In Argentina, for example, Stones fans comprise a recognizable sort of Deadhead-esque urban tribe of hardcore devotees and Stones-inspired bands called “rolingas.” The subculture is an intriguing one, born out of the military dictatorship’s ban on English music, and the filmmakers span out to interview plenty of lips-and-tongue-clad rockers partying and busking in the streets of Buenos Aires. As the band travels via motorcade to the concert venue, we even get to see an endearingly strange recreation of the group’s early days being pursued by screaming fans, though the hysterical teen girls of yore have largely been replaced by older men. (After the band’s limo passes, a cameraman captures a fortysomething Argentinian weeping by the side of the road. “He just saw Mick,” his wife explains sweetly, as the man attempts to hide his face.)
Other stops on the tour aren’t nearly so interesting. Shows in Brazil, Mexico, Chile, and Peru appear to be largely business as usual, so the filmmakers rely on band member interviews and quasi-staged outings to fill in the gaps between performances. (Ronnie Wood’s Sao Paulo sojourn to meet with a Brazilian street artist feels like the result of a long brainstorming session beginning with “what can we give Ronnie to do?”) Most of these segments tread familiar ground, though the band’s biographers will surely be interested in psychoanalyzing a joint interview/jam session between Mick Jagger and Keith Richards. As forthrightly described by Richards in his riotous memoir, “My Life,” the two longtime collaborators have not been on the friendliest terms for decades, and whether they’ve since made up or are simply putting on a show for the cameras, it’s fascinating to watch them reminisce about writing “Honky Tonk Women” during a 1968 Brazilian vacation, followed by an acoustic duet performance of the song in the dressing room that’s worth the price of admission alone.

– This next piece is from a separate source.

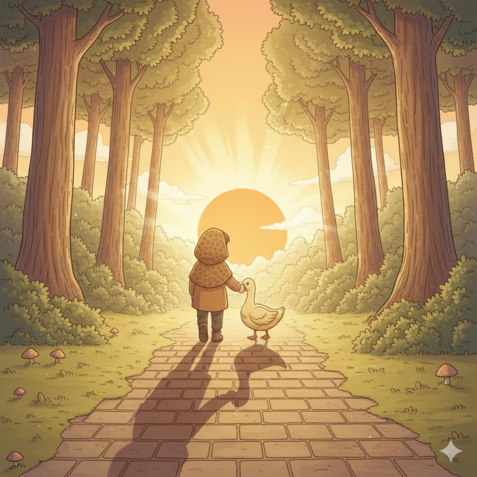 막내는 여전히 가난했지만, 마을에서 가장 환한 웃음을 가진 아이가 되었습니다. 황금 거위는 더 이상 사람을 붙게 하지 않았고, 그저 아이 곁에서 평범한 거위처럼 살았습니다. 사람들은 말했습니다. “진짜 황금은 마음이었어.” 막내는 오늘도 숲길을 걸으며 누군가를 도울 기회를 찾습니다. 친절은 그렇게 또 다른 기적의 씨앗이 되었습니다.

Of course, the band still sounds phenomenal onstage, and the concert scenes are expertly shot, with plenty of roaming on-the-ground footage to take in the audience ambiance. The filmmakers clearly had no shortage of resources, and sometimes they seem intent on flexing them for no obvious reason. At one point, we get a long, unbroken drone shot that begins on the ocean off the coast of Lima, pans up to reveal a panoramic view of the city’s skyline, then slowly zooms in on Richards strumming his guitar next to a rooftop pool. It’s a stunning shot, but why is it here? Who knows. Who cares. It’s only rock and roll.